After printing the chat summary, generate the full reports:

**a. Write AnalysisResult to temporary JSON file:**

Write the complete AnalysisResult (the structured data from Section 5.5, NOT the chat summary text) as JSON to a temporary file:
```
/tmp/sentiment42-{slug}-analysis.json
```
Ensure all fields from analysis-schema.md are included. Use the same slug used for crawl directories.

**b. Run the report generation script:**

```bash
python3 ~/.claude/skills/sentiment42/references/report-template.py \
  --brand-dir "$(pwd)/brand-assets" \
  --output-dir ~/sentiment-reports \
  < /tmp/sentiment42-{slug}-analysis.json
```

Note: The `--brand-dir` path must point to the sentiment42 project directory's `brand-assets/` folder. Use the working directory if available, otherwise use the absolute path where `brand-assets/` is located.

**c. Capture output file paths** from stdout (one path per line).

**d. Delete the temporary JSON file:**

```bash
rm /tmp/sentiment42-{slug}-analysis.json
```

**e. Open the HTML report in the browser:**

```bash
open ~/sentiment-reports/{slug}-{datum}.html
```

**f. Report to the user:**

- NL: "Rapporten gegenereerd:\n  Markdown: ~/sentiment-reports/{slug}-{datum}.md\n  HTML: ~/sentiment-reports/{slug}-{datum}.html (geopend in browser)"
- EN: "Reports generated:\n  Markdown: ~/sentiment-reports/{slug}-{datum}.md\n  HTML: ~/sentiment-reports/{slug}-{datum}.html (opened in browser)"
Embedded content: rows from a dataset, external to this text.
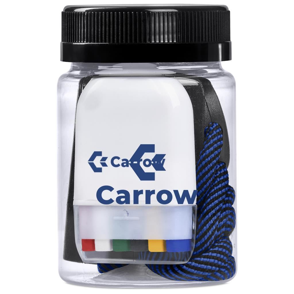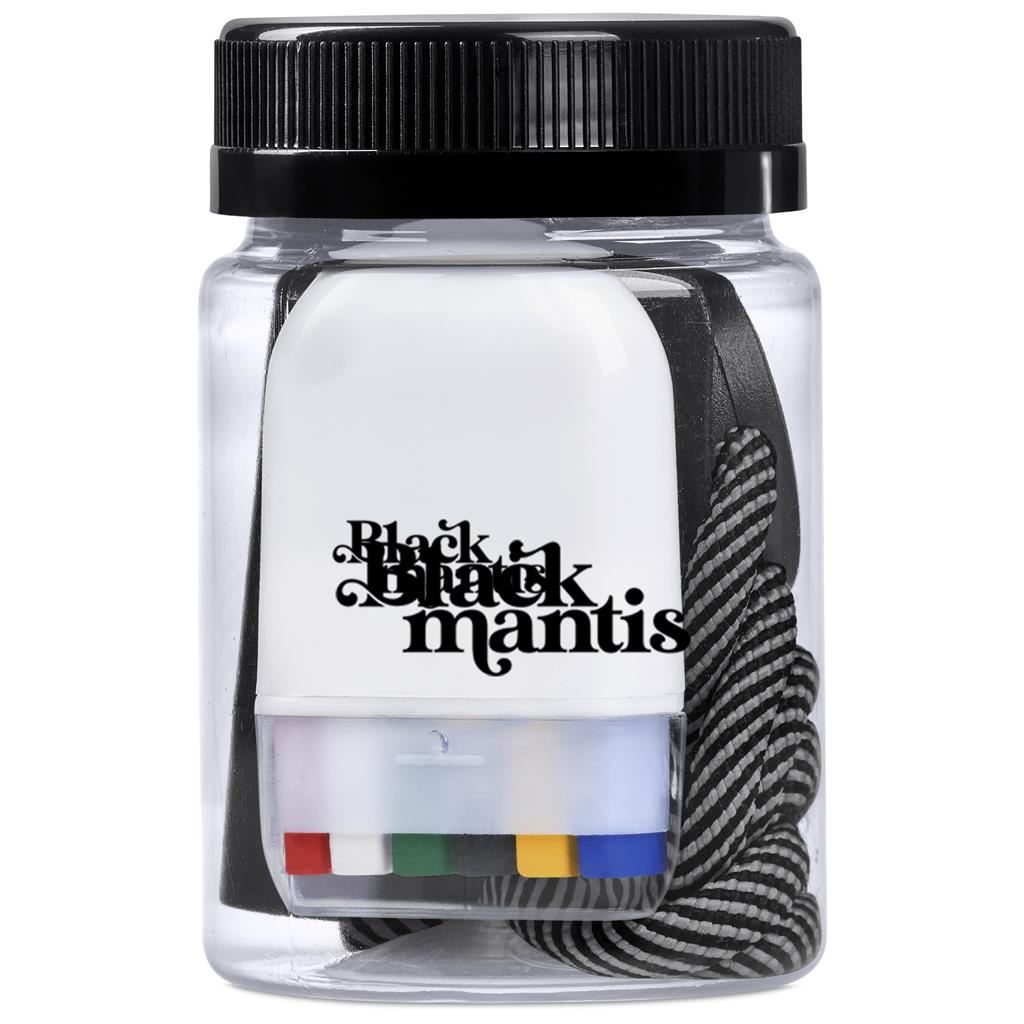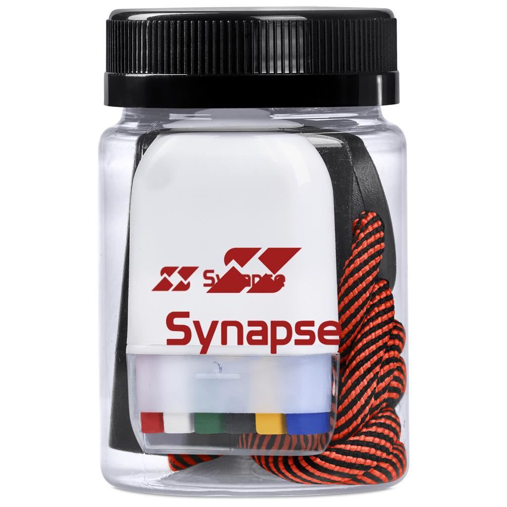 Altitude Vanta Gift Jar A compact, ready-to-gift jar set, filled with a mix of small promotional products. These jars are ideal for desk drops, giveaways, and creating small but memorable brand experiences. The jar contains: Altitude Candystripe Dome Lanyard polyester / 90 ( l ) x 0.5 ( w ) also available in LB ( not shown ) recess for domed sticker: 2.7 ( dia ) Altitude United Face Paint 6 ( l ) x 3.5 ( w ) cm plastic & skin-friendly face paint 6 bold colours: black, white, green, yellow, red, and blue (SA flag colours combination) water-washable formula - removes easily with soap and water. skin-friendly - gentle formulation suitable for most skins compact design - suitable for easy storage and transport Altitude Air-Kiss Lip Balm 7cm x 1.9cm diameter weight: 4.5g vanilla flavoured Jar 8 ( h ) x 5 ( d ) cm plastic bulk packed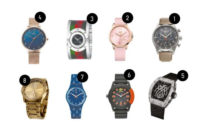 1. אלפינה, מחוג וייס 4,195 ש', 2. ג'ויסי קוטור, 750 ש', 3. גוצ'י, אימפרס 4,975 ש', 4. אובקו, אימפרס 955 ש', 5. ריצ'רד מיל, תכשיטי JB החל מ־500,000 ש', 6. אדידס, 549 ש', 7. סווטש, 289 ש', 8. Piet Hein Eek, הביטאט, 1,450 ש'
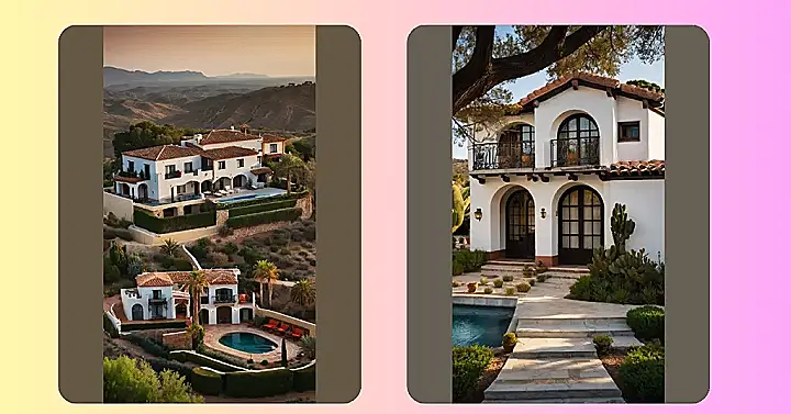 This Spanish-style house is like a chill hangout spot straight out of a movie! With its cool terracotta roof tiles and those chill vibes, you can almost hear the sound of acoustic guitar music wafting out. It totally looks like the kind of place where you could kick back with some friends, maybe learn a few Spanish phrases, and definitely enjoy some amazing sunsets.
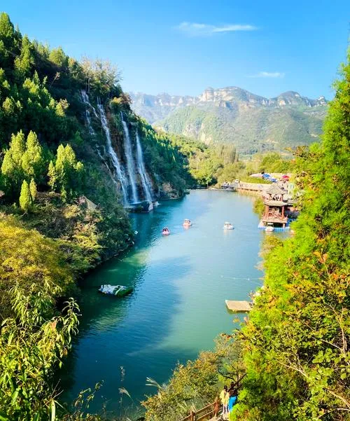 泰和山这个地方,核心就是黄花溪这条峡谷。很多人去了都说像九寨沟,这话不完全对,因为九寨沟是高原湖泊的清透,黄花溪是北方山涧的凌厉。水流从山上下来,冲击出一个个水潭,水质好到你站在岸边就能看到谷底的石头,关键是这水不是死水,是活水,一直在流。峡谷两边都是崖壁,夏天的时候崖壁上全是绿色植被,水声哗哗的,走在栈道上,那种凉意不是空调吹出来的,是山谷里自己带的。有一段路要踩着石头过溪,水流过你的脚面,那个瞬间你能感觉到这条溪水的脾气,它不温柔,但也不凶猛,就是该流就流的那股劲儿。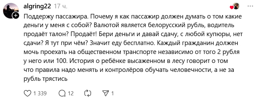 «Если у водителя общественного транспорта не оказалось талонов (или сдачи) для продажи пассажиру, это не освобождает пассажира от ответственности за безбилетный проезд. Пассажир обязан заранее приобретать билеты, поэтому при проверке контролёрами отсутствие талонов у водителя не является уважительной причиной, и штраф (0,5–1 базовой величины) будет выписан», — написал пользователь под ником iakutovicht.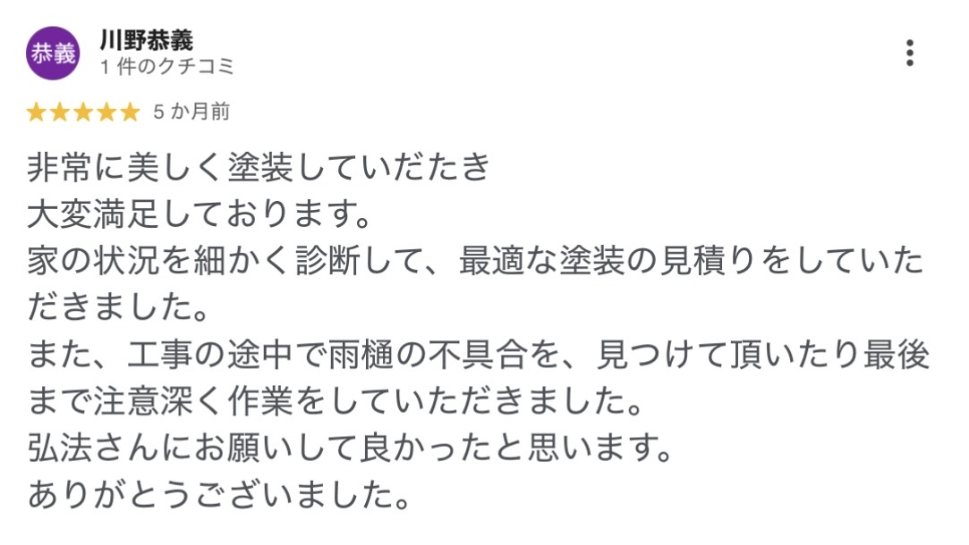 細かく診断して、最適な塗装の見積りをしていただきました。(Google口コミより)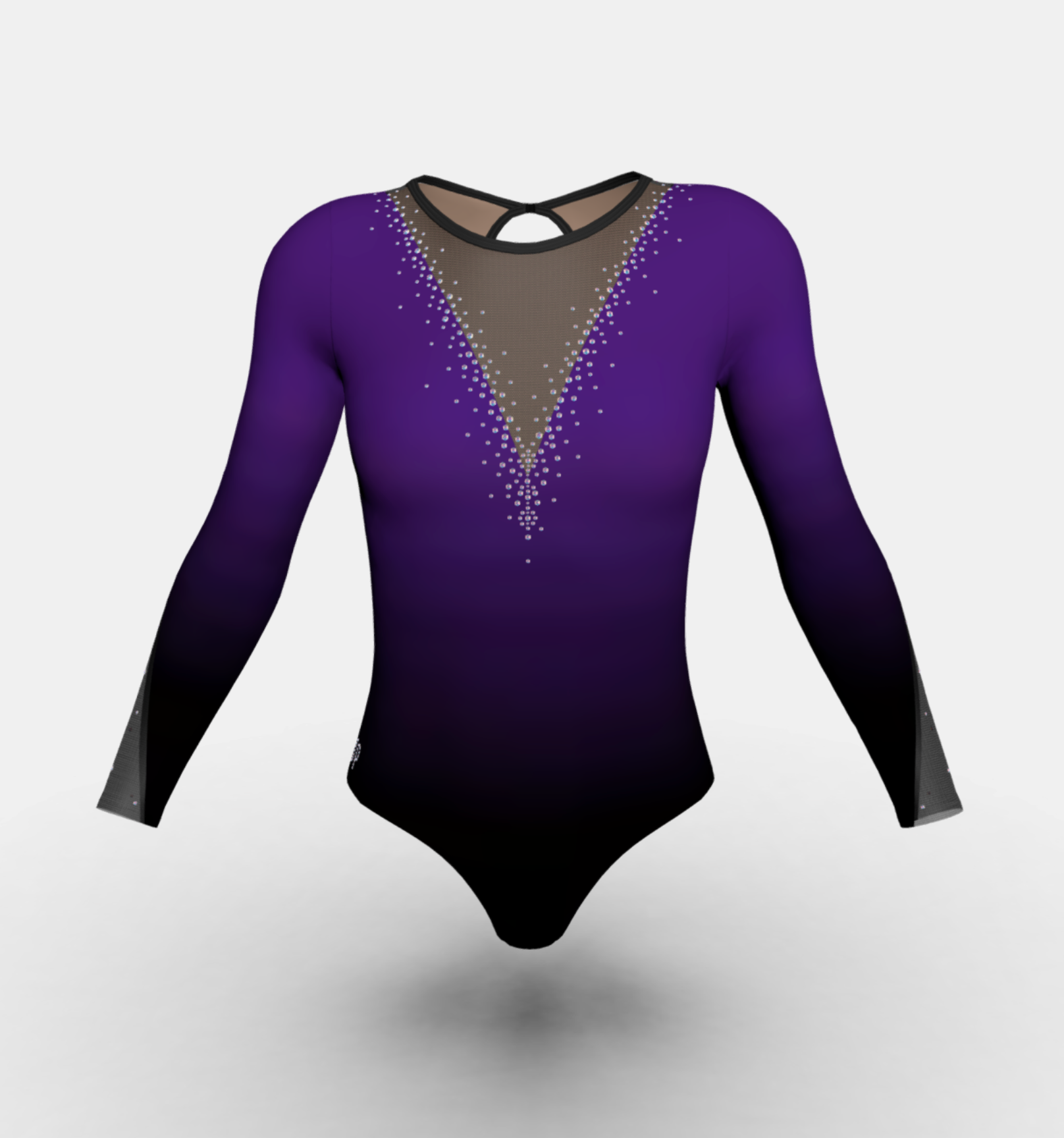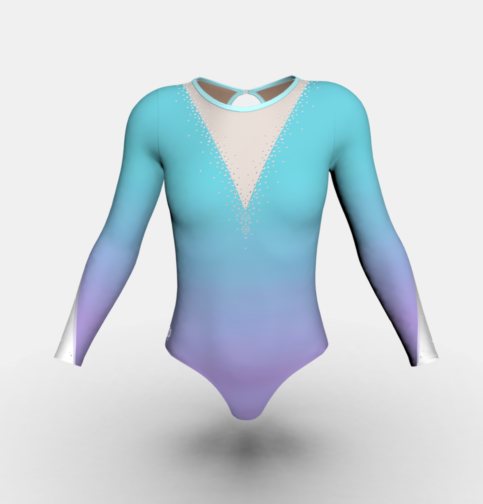 Stay styled in simple refinement with the Etta design. Fashioned in a high scooped neckline with clasp & keyhole at the back, a modest sublimated design flows through the body with a classic ombre effect. Deep V-shaped mesh panels feature through the front & back to create an elegant shape with mesh panel inserts added through the sleeves for breathability during competitions. Delicate crystals line the edges of the neckline in a feminine scatter and are sprinkled across the mesh panels for optimum sparkle. Cut from a combination of our signature printed stretch fabricated body, sleeves which have a matt finish & soft hand feel, mesh sleeve inserts & panels and mystique binding. The front of this leotard is fully lined for complete athlete comfort with all mesh body panels fully lined with skin lining for zero transparency.
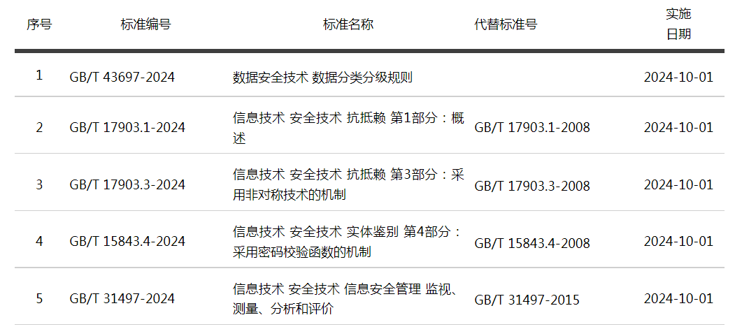 近日,国家市场监督管理总局、国家标准化管理委员会发布的中华人民共和国国家标准公告(2024年第1号),全国网络安全标准化技术委员会归口的5项网络安全国家标准正式发布。具体清单如下: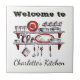 Ist Vintager Kunstentwurf der Retro Landart-Küche der Fliese des Land-Küchen-Themas personalisierten Retro diese Vintage Grafik gerade wie zum Haus der Großmutter zurück gehen. Landküchenregal wird mit die roten und weißen Kaffeetassen voll hängen und dem Zusammenbringen der Gläser, des Tellers, der Schüsseln, des dienenden Geschirrs, des Kruges für Limonade und südlichen süßen gefrorenen Tee und der Küchengeräte mit roten Griffen, sogar ein hängendes Kochbuch von ihren köstlichen, altmodischen Rezepten gefüllt. Gemalte rote hölzerne Küchenregale schließen das homey Gefühl ab, das Sie zurück zu vergangenem Jahr nimmt. Liest Willkommen zu oben mit der personalisierten Küche des Namens unten. Wunderlich, Vintage Grafik ist zu trösten die einfache Linie, die in Schwarzweiss mit dem Rot zeichnet, das für eine spezielle Touch hinzugefügt wird. Perfekter personalisierter kochender Themageschenkentwurf für viele Feiertage, besondere Anlässe und irgendeinen Tag des Jahres, das Sie wollen, um euch die guten ole Tage und an die Wärme der Küche der Mama von der Kindheit zu erinnern. Bereiten Sie vor besonders angefertigt zu werden addieren Namens- oder kundenspezifischen Text. Einzigartiges wunderliches Geschenk für Köche, Köche, bleibe zu Hause Mammen, Hausfrauen, für Mama auf Tages- oder Großmuttergeschenk der Mutter.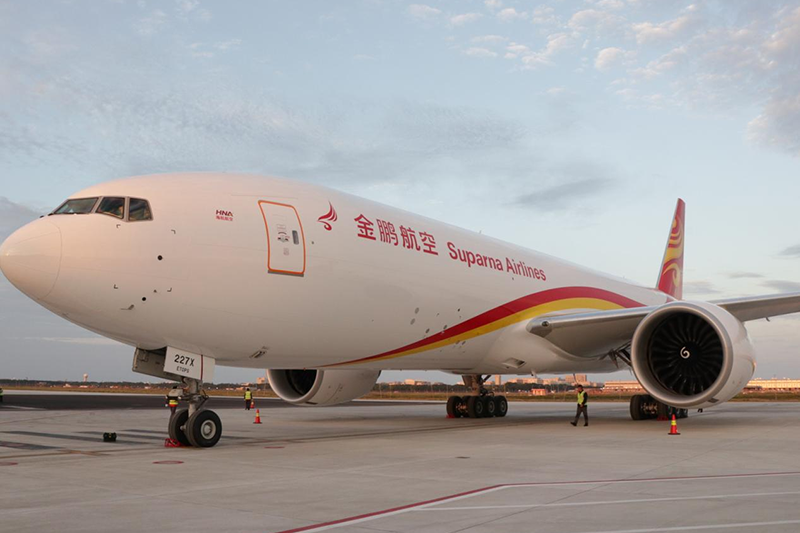 今年9月25日,公司已成功引进了第一架B777F全货机,编号为B-227U。自投入运营以来,这架货机成功执行上海浦东=孟买、上海浦东=德里、上海浦东=阿姆斯特丹以及南京=阿姆斯特丹等航线。这些航线为中国与南亚、欧洲地区的重要经济中心架起了空中桥梁,不仅为对外贸易往来提供了有力的物流支持,还帮助金鹏航空积累了宝贵的B777F货机运营经验。

**Error handling:** If the Python script fails (non-zero exit code), print the stderr output and fall back to:
- NL: "Rapportgeneratie mislukt. Analyse is wel voltooid -- zie samenvatting hierboven."
- EN: "Report generation failed. Analysis is complete -- see summary above."

## 7. Cleanup

The `.firecrawl/sentiment/{slug}/` directory contains temporary crawl output files. These can be cleaned up after analysis is complete. Do NOT auto-delete -- the user or future analysis phases may need the raw data.

Mention to the user:
- NL: "Ruwe crawl data opgeslagen in `.firecrawl/sentiment/{slug}/`. Kan verwijderd worden na analyse."
- EN: "Raw crawl data saved in `.firecrawl/sentiment/{slug}/`. Can be removed after analysis."